*Saved entries:*

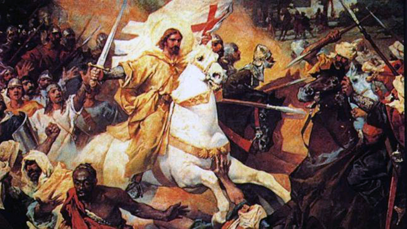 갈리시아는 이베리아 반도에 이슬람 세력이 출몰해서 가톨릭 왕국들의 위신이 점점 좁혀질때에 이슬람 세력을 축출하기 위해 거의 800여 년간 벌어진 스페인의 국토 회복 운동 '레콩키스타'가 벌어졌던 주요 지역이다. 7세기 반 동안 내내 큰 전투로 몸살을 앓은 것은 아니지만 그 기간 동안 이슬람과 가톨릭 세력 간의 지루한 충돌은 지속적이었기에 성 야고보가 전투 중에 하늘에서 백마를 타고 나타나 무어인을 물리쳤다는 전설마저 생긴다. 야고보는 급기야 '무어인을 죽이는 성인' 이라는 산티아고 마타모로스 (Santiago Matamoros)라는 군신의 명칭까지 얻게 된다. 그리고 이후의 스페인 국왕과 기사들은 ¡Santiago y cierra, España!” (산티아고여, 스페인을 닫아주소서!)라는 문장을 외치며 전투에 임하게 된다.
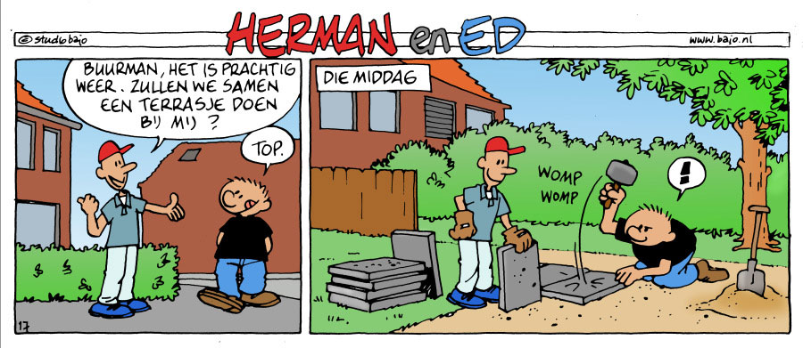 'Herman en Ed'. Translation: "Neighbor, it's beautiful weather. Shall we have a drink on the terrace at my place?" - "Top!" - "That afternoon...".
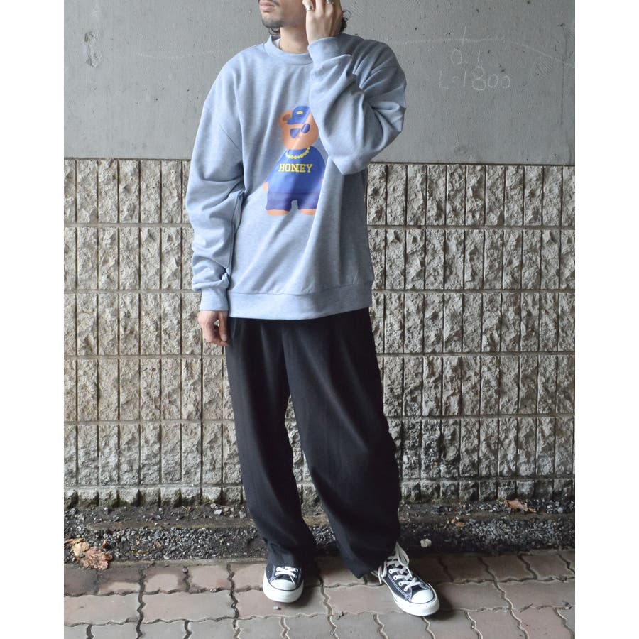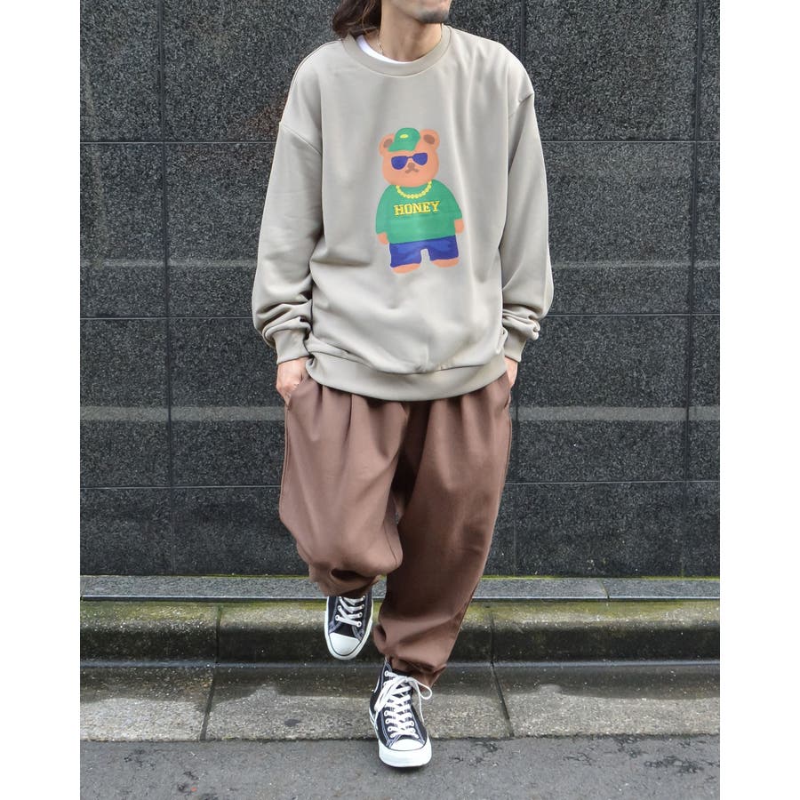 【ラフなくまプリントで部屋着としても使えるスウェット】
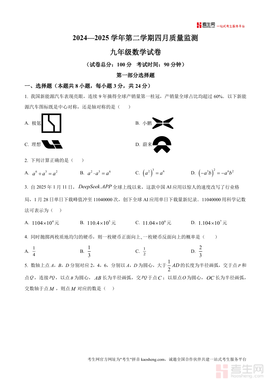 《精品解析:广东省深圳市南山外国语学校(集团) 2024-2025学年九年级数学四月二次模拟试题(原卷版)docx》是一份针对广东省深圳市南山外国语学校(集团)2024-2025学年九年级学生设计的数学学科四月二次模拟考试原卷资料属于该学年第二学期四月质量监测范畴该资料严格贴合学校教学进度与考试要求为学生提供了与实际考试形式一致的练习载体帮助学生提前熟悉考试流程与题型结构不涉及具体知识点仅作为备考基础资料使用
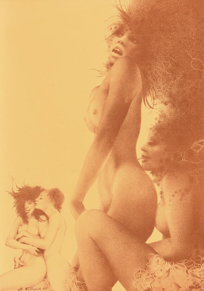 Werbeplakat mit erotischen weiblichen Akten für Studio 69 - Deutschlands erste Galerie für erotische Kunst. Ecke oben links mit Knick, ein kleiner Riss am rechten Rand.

*EXERCISE:*
One exact copy of the data, no pictures: write it out line for line.

*EXERCISE SOLUTION:*
 갈리시아는 이베리아 반도에 이슬람 세력이 출몰해서 가톨릭 왕국들의 위신이 점점 좁혀질때에 이슬람 세력을 축출하기 위해 거의 800여 년간 벌어진 스페인의 국토 회복 운동 '레콩키스타'가 벌어졌던 주요 지역이다. 7세기 반 동안 내내 큰 전투로 몸살을 앓은 것은 아니지만 그 기간 동안 이슬람과 가톨릭 세력 간의 지루한 충돌은 지속적이었기에 성 야고보가 전투 중에 하늘에서 백마를 타고 나타나 무어인을 물리쳤다는 전설마저 생긴다. 야고보는 급기야 '무어인을 죽이는 성인' 이라는 산티아고 마타모로스 (Santiago Matamoros)라는 군신의 명칭까지 얻게 된다. 그리고 이후의 스페인 국왕과 기사들은 ¡Santiago y cierra, España!” (산티아고여, 스페인을 닫아주소서!)라는 문장을 외치며 전투에 임하게 된다.
 'Herman en Ed'. Translation: "Neighbor, it's beautiful weather. Shall we have a drink on the terrace at my place?" - "Top!" - "That afternoon...".
 【ラフなくまプリントで部屋着としても使えるスウェット】
 《精品解析:广东省深圳市南山外国语学校(集团) 2024-2025学年九年级数学四月二次模拟试题(原卷版)docx》是一份针对广东省深圳市南山外国语学校(集团)2024-2025学年九年级学生设计的数学学科四月二次模拟考试原卷资料属于该学年第二学期四月质量监测范畴该资料严格贴合学校教学进度与考试要求为学生提供了与实际考试形式一致的练习载体帮助学生提前熟悉考试流程与题型结构不涉及具体知识点仅作为备考基础资料使用
 Werbeplakat mit erotischen weiblichen Akten für Studio 69 - Deutschlands erste Galerie für erotische Kunst. Ecke oben links mit Knick, ein kleiner Riss am rechten Rand.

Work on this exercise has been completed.